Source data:

○ ○ ○ ○ ○

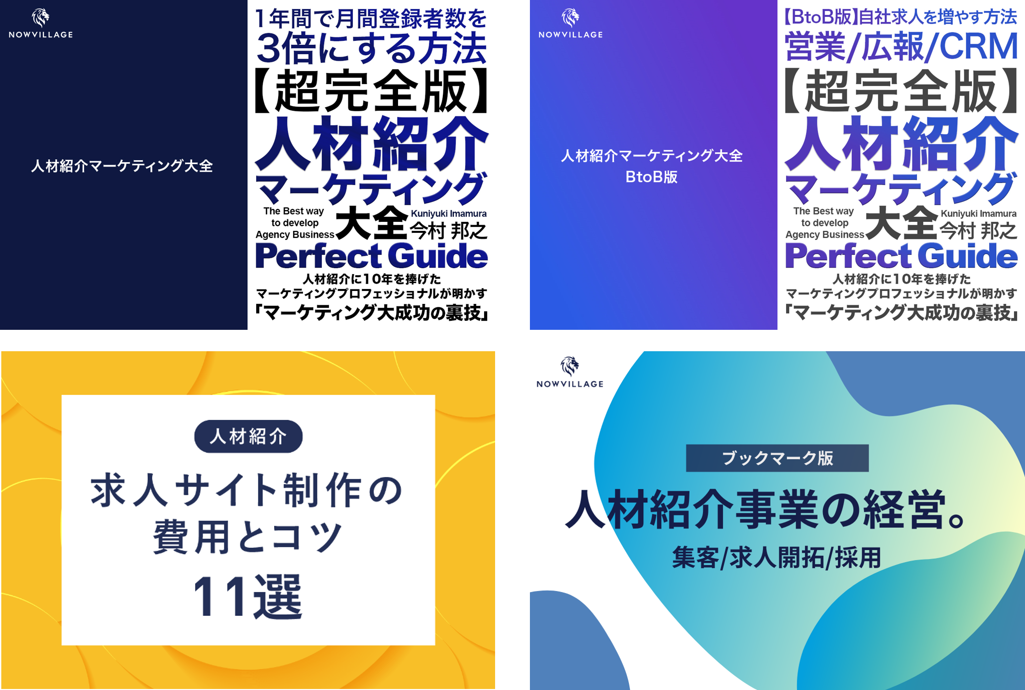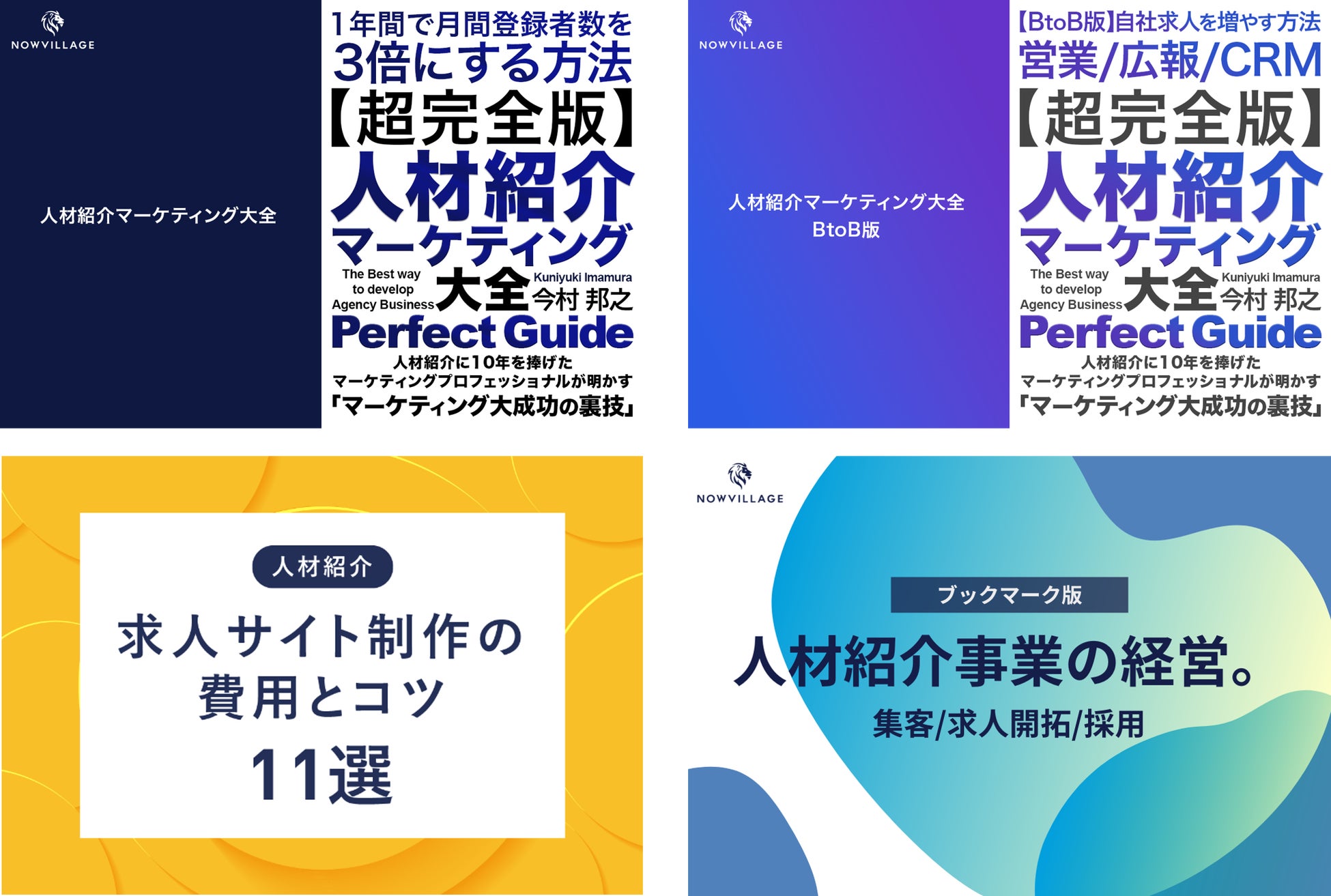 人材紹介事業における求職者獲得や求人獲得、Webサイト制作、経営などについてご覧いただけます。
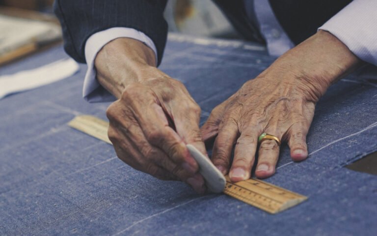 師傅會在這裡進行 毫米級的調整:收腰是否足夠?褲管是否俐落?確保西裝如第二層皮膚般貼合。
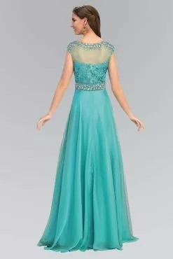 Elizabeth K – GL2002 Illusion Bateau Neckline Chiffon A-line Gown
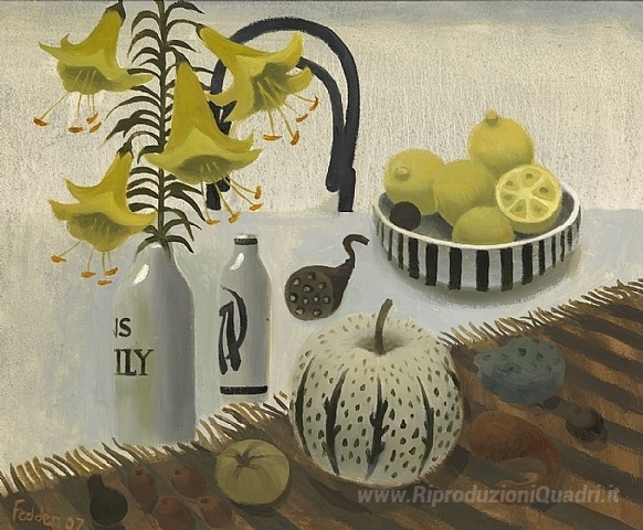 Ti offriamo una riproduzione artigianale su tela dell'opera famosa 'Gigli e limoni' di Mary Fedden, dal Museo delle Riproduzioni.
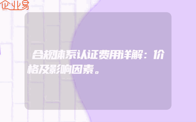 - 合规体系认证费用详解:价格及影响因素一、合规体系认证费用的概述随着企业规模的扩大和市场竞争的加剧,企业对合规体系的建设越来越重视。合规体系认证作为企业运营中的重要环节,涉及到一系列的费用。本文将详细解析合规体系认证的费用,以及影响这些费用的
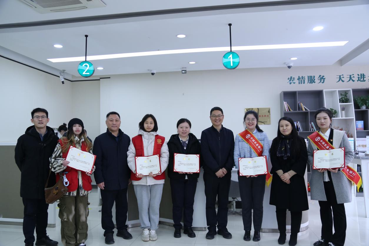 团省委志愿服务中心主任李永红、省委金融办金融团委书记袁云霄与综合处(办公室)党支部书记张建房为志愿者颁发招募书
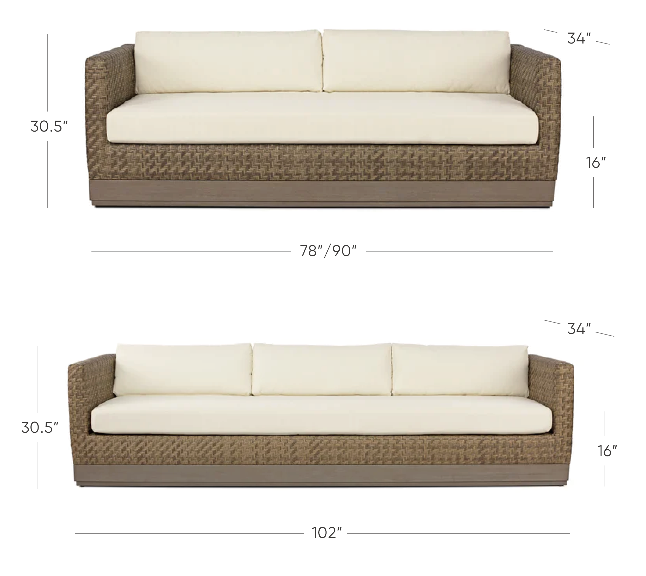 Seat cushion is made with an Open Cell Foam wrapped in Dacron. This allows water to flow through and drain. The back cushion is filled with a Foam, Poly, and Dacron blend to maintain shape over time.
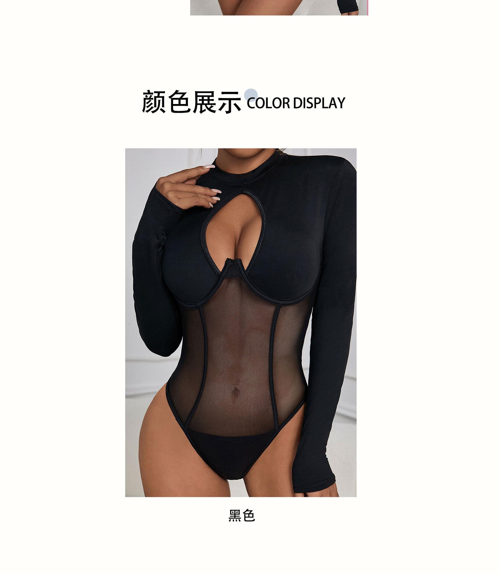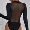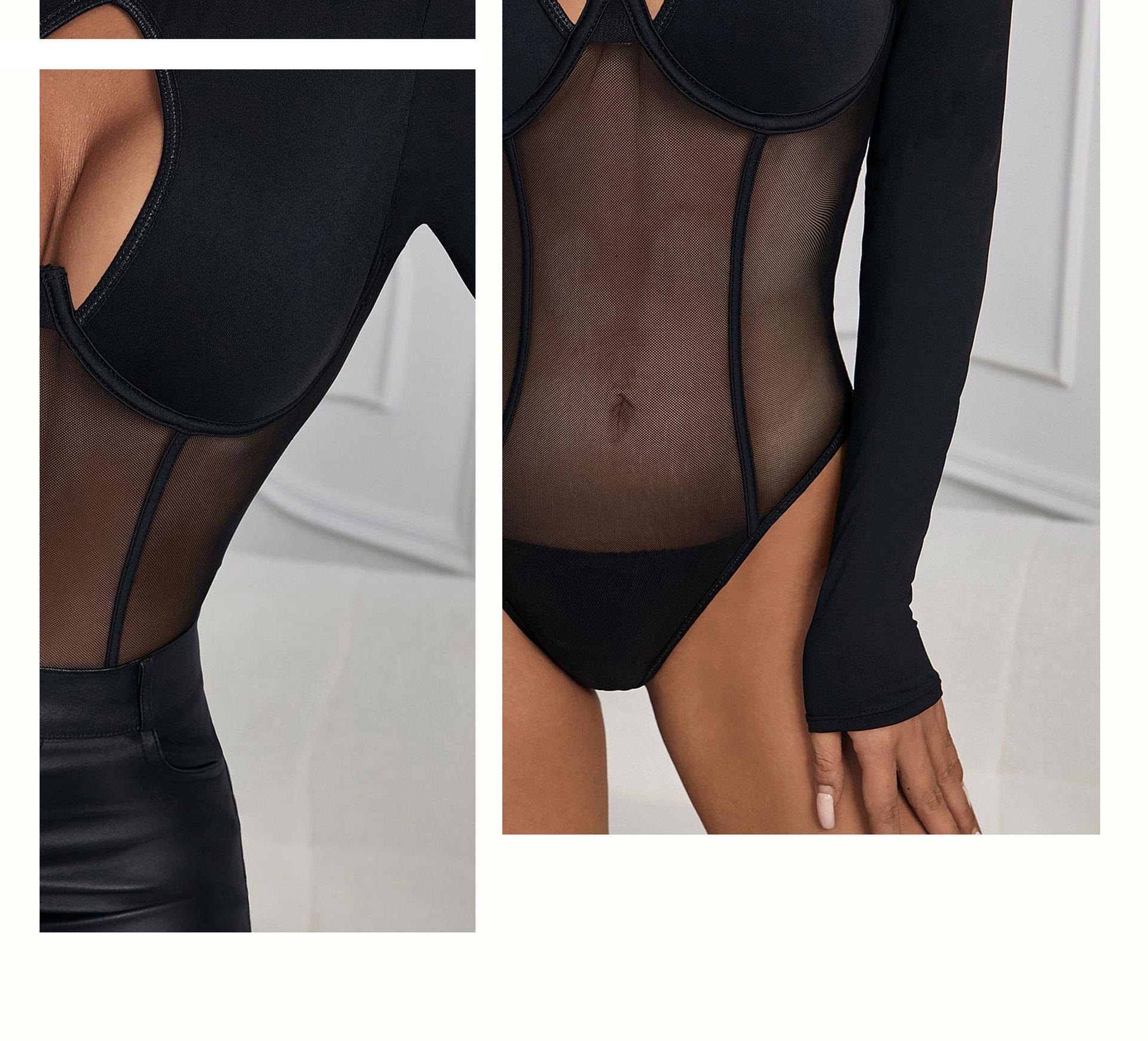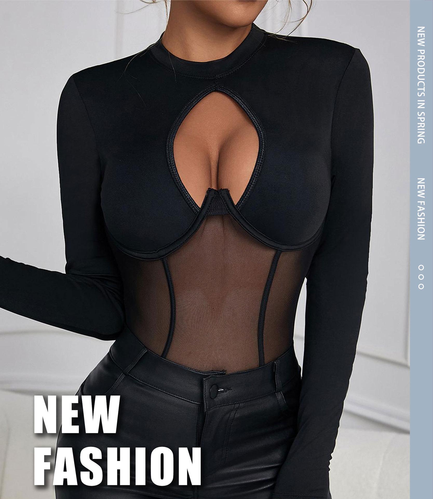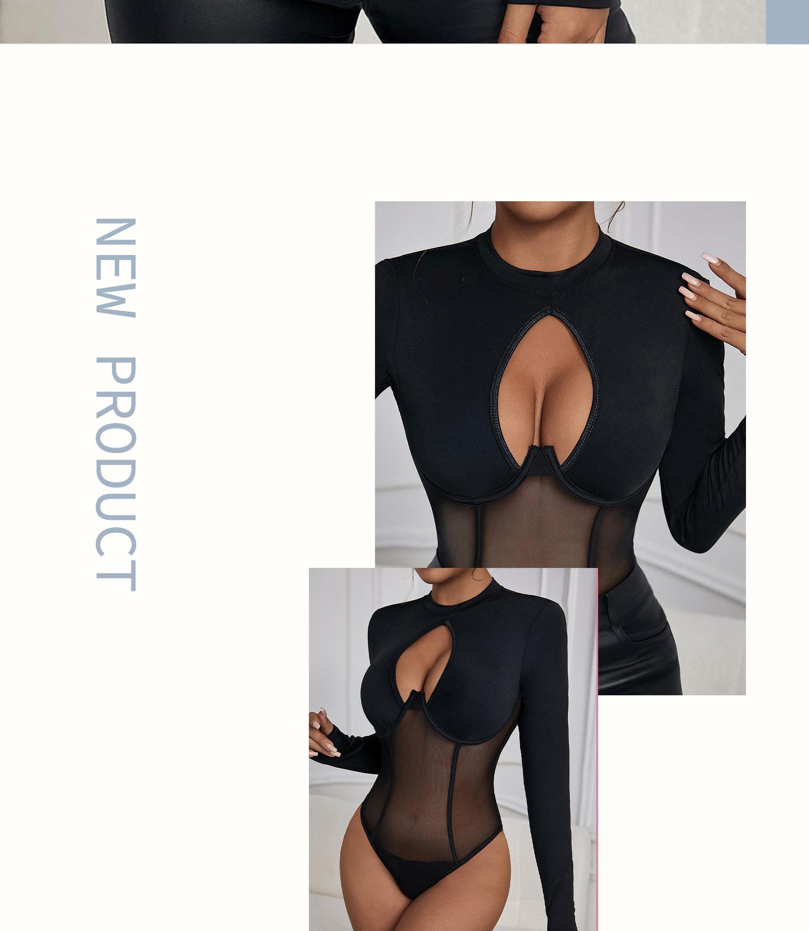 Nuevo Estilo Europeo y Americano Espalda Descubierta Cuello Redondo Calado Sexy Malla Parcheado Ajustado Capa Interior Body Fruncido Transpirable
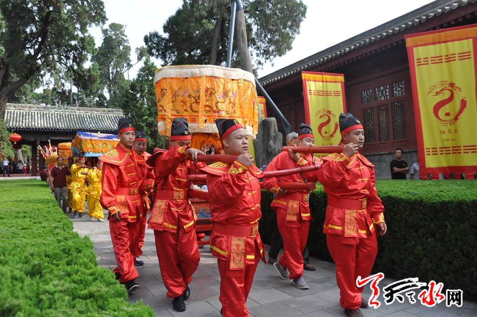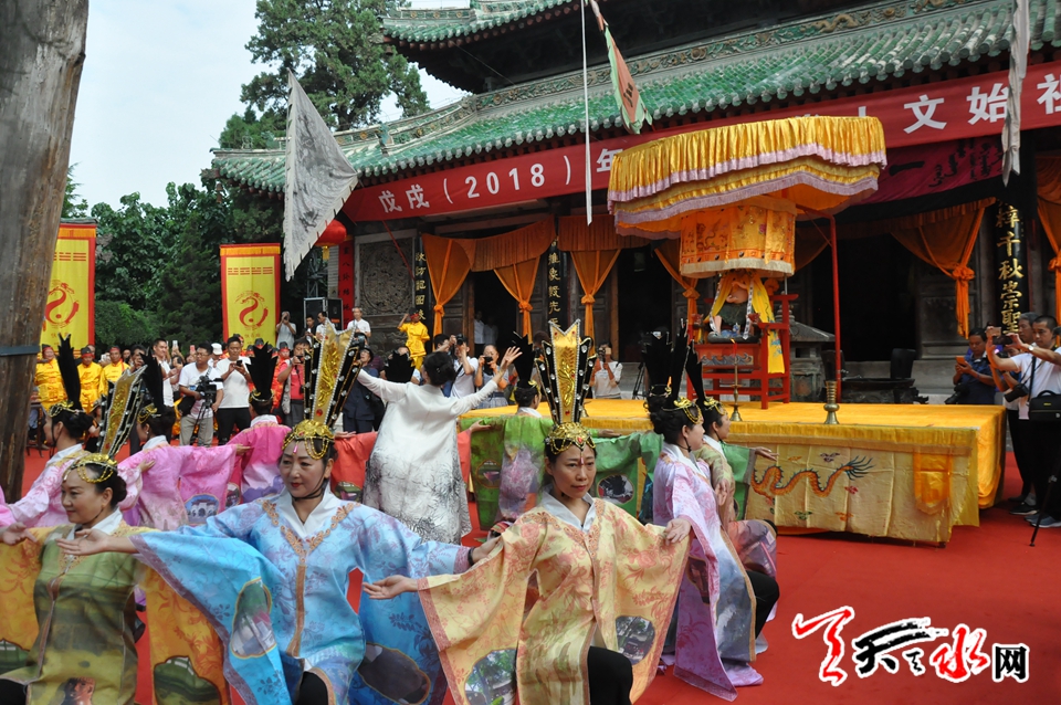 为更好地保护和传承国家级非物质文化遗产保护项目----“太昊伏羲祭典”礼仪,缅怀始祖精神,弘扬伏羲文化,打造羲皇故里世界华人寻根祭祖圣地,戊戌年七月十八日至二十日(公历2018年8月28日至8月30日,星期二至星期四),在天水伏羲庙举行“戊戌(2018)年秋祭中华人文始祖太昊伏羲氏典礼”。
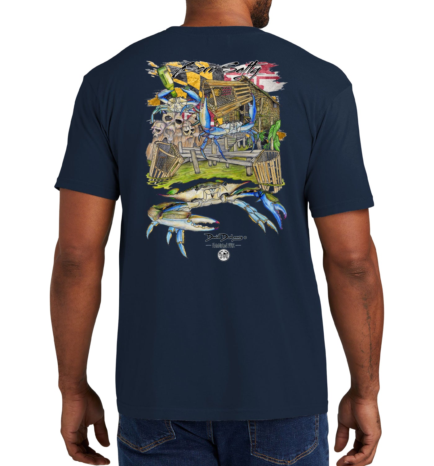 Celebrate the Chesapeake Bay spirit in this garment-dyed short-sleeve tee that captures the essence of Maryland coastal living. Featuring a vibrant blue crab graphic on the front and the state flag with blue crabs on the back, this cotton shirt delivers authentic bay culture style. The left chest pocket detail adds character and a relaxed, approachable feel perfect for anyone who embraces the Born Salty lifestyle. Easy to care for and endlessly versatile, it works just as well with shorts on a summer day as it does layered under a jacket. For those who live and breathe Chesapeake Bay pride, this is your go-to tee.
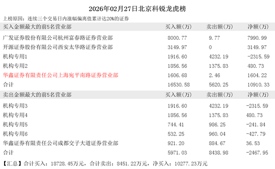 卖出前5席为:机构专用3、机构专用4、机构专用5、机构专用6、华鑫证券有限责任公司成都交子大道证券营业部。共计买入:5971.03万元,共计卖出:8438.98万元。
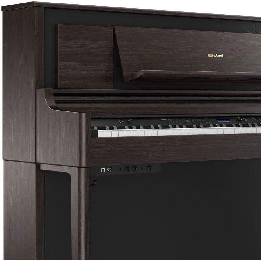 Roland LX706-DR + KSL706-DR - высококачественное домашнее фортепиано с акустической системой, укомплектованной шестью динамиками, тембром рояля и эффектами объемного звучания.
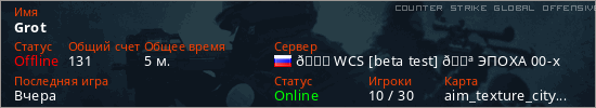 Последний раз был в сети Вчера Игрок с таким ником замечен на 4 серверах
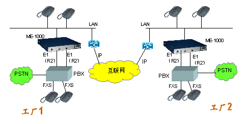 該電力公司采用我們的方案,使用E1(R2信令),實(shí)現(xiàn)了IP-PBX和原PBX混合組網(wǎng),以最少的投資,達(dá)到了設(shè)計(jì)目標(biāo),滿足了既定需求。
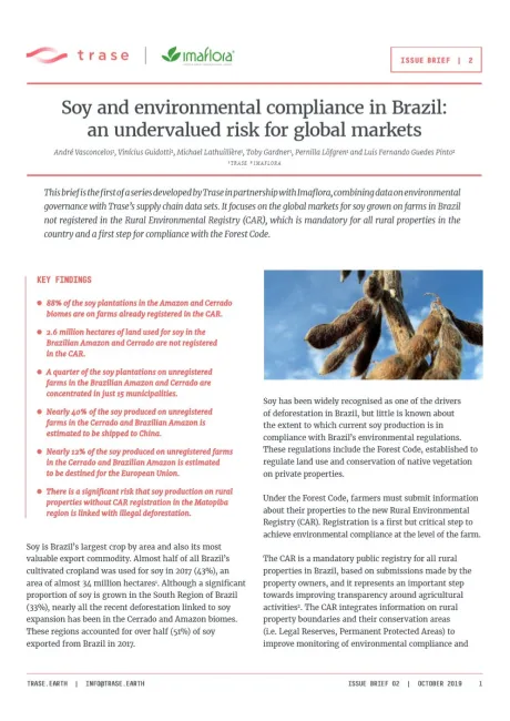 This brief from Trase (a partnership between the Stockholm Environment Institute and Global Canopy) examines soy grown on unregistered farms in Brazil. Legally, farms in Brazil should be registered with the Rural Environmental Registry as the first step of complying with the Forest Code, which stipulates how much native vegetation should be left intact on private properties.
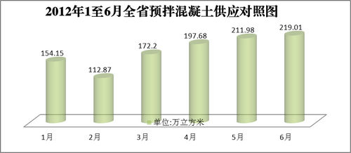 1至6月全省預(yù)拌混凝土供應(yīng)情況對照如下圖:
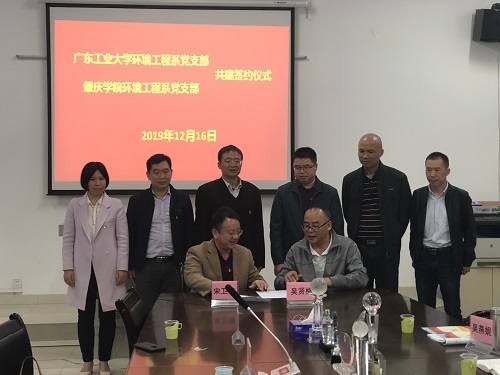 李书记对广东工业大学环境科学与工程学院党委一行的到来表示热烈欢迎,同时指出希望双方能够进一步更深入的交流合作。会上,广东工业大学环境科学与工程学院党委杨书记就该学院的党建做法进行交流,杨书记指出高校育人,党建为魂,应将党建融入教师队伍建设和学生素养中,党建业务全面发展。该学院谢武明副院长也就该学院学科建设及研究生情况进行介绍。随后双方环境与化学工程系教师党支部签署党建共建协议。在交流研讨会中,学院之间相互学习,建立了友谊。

○ ○ ○ ○ ○

▸ **Work to be completed**: Only the lines from the one containing "This brief from" through the last line of the entries above should be copied, exactly as they are and without the pictures.

▸ **Solution to the problem**:
 This brief from Trase (a partnership between the Stockholm Environment Institute and Global Canopy) examines soy grown on unregistered farms in Brazil. Legally, farms in Brazil should be registered with the Rural Environmental Registry as the first step of complying with the Forest Code, which stipulates how much native vegetation should be left intact on private properties.
 1至6月全省預(yù)拌混凝土供應(yīng)情況對照如下圖:
 李书记对广东工业大学环境科学与工程学院党委一行的到来表示热烈欢迎,同时指出希望双方能够进一步更深入的交流合作。会上,广东工业大学环境科学与工程学院党委杨书记就该学院的党建做法进行交流,杨书记指出高校育人,党建为魂,应将党建融入教师队伍建设和学生素养中,党建业务全面发展。该学院谢武明副院长也就该学院学科建设及研究生情况进行介绍。随后双方环境与化学工程系教师党支部签署党建共建协议。在交流研讨会中,学院之间相互学习,建立了友谊。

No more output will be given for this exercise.